Task details ▸ Give again, word for word, each line below starting at the one that contains "Zwei Katzen –" and ending at the one that contains "sa pagtatapos ng".

Source records ▸
========================

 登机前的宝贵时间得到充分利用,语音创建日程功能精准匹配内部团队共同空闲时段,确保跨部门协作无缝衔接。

========================

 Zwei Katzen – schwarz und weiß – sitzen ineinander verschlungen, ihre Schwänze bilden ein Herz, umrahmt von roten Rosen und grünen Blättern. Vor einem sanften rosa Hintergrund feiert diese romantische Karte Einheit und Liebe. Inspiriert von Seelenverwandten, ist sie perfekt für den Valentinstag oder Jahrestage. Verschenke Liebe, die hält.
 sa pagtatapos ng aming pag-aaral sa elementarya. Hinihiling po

========================

Exercise solution ▸
 Zwei Katzen – schwarz und weiß – sitzen ineinander verschlungen, ihre Schwänze bilden ein Herz, umrahmt von roten Rosen und grünen Blättern. Vor einem sanften rosa Hintergrund feiert diese romantische Karte Einheit und Liebe. Inspiriert von Seelenverwandten, ist sie perfekt für den Valentinstag oder Jahrestage. Verschenke Liebe, die hält.
 sa pagtatapos ng aming pag-aaral sa elementarya. Hinihiling po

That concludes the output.